We can define function with custom forward and backward using
torch.autograd.Function
which takes in the Neural ODE model
func
In forward pass, it simply means solving the Neural ODE function IVP.
@staticmethod
def forward(ctx, z0, t, flat_parameters, func):
bs, *z_shape = z0.size()
time_len = t.size(0)
with torch.no_grad():
z = torch.zeros(time_len, bs, *z_shape).to(z0)
z[0] = z0
for i_t in range(time_len - 1):
z0 = ode_solve(z0, t[i_t], t[i_t+1], func)
z[i_t+1] = z0
ctx.func = func
ctx.save_for_backward(t, z.clone(), flat_parameters)
return z
We can see there’s for loop to generate the trajectory using ode_solve with the Nerual ODE (func). ctx is an object that save useful information for backward pass.
Now for the custom backward function:
@staticmethod
def backward(ctx, dLdz):
func = ctx.func
t, z, flat_parameters = ctx.saved_tensors
time_len, bs, *z_shape = z.size()
n_dim = np.prod(z_shape)
n_params = flat_parameters.size(0)
def augmented_dynamics(aug_z_i, t_i):
...
return torch.cat((func_eval, -adfdz, -adfdp, -adfdt), dim=1)
dLdz = dLdz.view(time_len, bs, n_dim)
with torch.no_grad():
adj_z = torch.zeros(bs, n_dim).to(dLdz)
adj_p = torch.zeros(bs, n_params).to(dLdz)
adj_t = torch.zeros(time_len, bs, 1).to(dLdz)
for i_t in range(time_len-1, 0, -1):
z_i = z[i_t]
t_i = t[i_t]
f_i = func(z_i, t_i).view(bs, n_dim)
dLdz_i = dLdz[i_t]
a_t = torch.transpose(dLdz_i.unsqueeze(-1), 1, 2)
dLdt_i = -torch.bmm(a_t, f_i.unsqueeze(-1))[:, 0]
adj_z += dLdz_i
adj_t[i_t] = adj_t[i_t] + dLdt_i
aug_z = torch.cat((z_i.view(bs, n_dim), adj_z, torch.zeros(bs, n_params).to(z), adj_t[i_t]), dim=-1)
aug_ans = ode_solve(aug_z, t_i, t[i_t-1], augmented_dynamics)

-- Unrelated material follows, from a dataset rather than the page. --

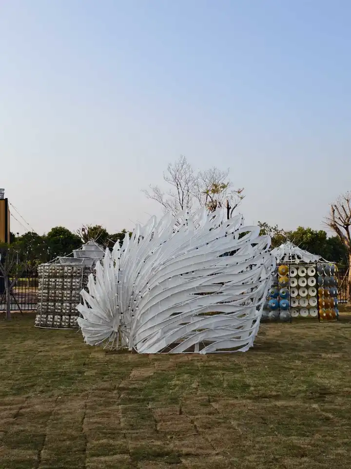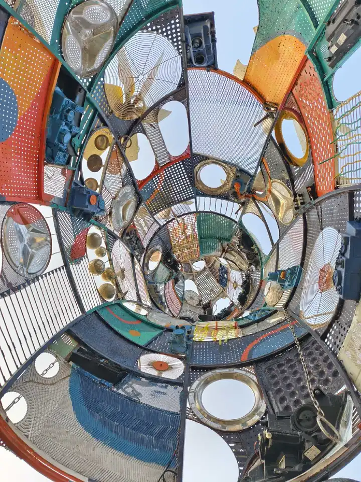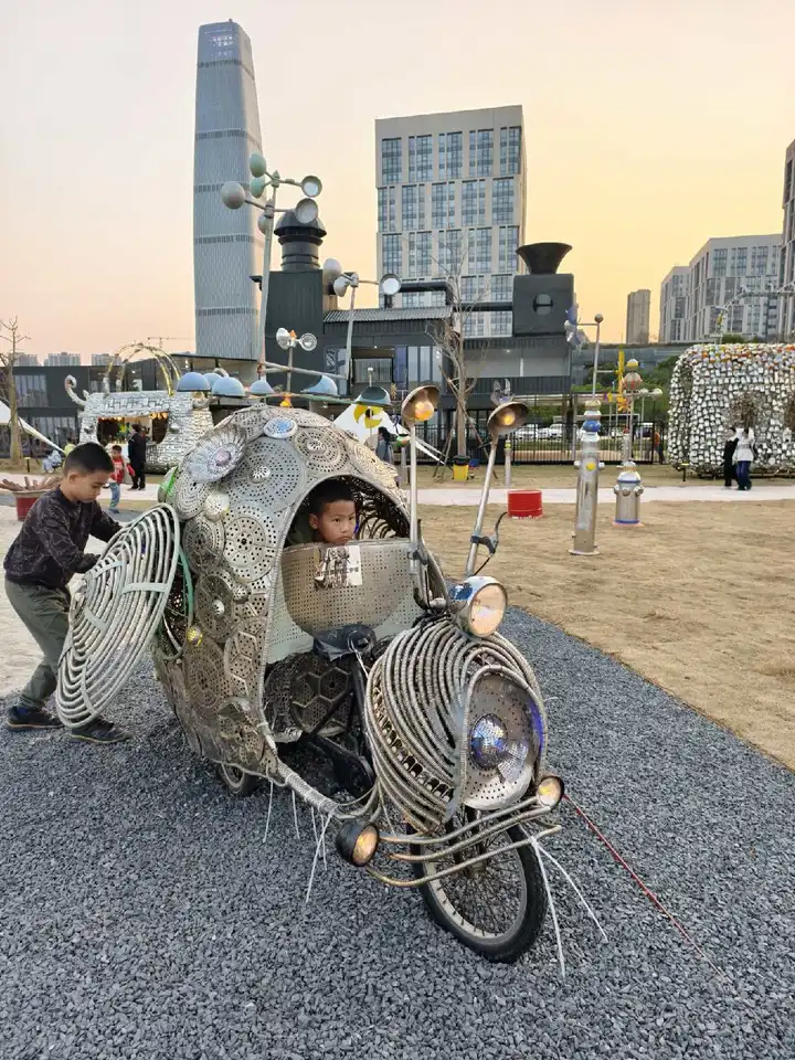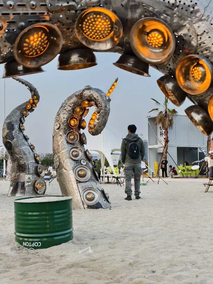 厦门狂荒之地·海神岛 🎪 是一个由废旧物品改造而成的奇幻艺术乐园,位于集美“爱莫屿”。 ◦ 用废弃金属、渔网、轮胎等打造巨型海洋生物装置,如“海神之脊”“潮汐迷宫”,赛博朋克风超震撼! ◦ 艺术家“一元”参与设计,传递环保理念,互动性强(可攀爬、触摸装置)。

adj_z[:] = aug_ans[:, n_dim:2*n_dim]
adj_p[:] += aug_ans[:, 2*n_dim:2*n_dim + n_params]
adj_t[i_t-1] = aug_ans[:, 2*n_dim + n_params:]
del aug_z, aug_ans
## Adjust 0 time adjoint with direct gradients
# Compute direct gradients
dLdz_0 = dLdz[0]
dLdt_0 = -torch.bmm(torch.transpose(dLdz_0.unsqueeze(-1), 1, 2), f_i.unsqueeze(-1))[:, 0]
# Adjust adjoints
adj_z += dLdz_0ri
adj_t[0] = adj_t[0] + dLdt_0
# forward: (z0, t, parameters, func)
return adj_z.view(bs, *z_shape), adj_t, adj_p, None
I strongly advice interested reader go through the code by themselves since the dimension of each vector are not shown in the code. It is essential to go through the details for it to work. Things that I want to highlight in the code.
- Remember to adjust the gradient at each data point. The gradient contributes from both the path and the loss refer to the above figures.
- The augmented dynamic, and adjoint state computation follows the algorithm from appendix C.
Training Example on Toy Model
Conclusion
I started this exercise since I want to understand the details of Neural ODE and the best way to do it is code it out! This post focuses more on the derivation, implementation details and miss a lot of things from the original paper. For example, how to use it as a residual block in solving MNIST, generative model, and various experiment results. I strongly advise checking the original paper and presentation from the authors for more details.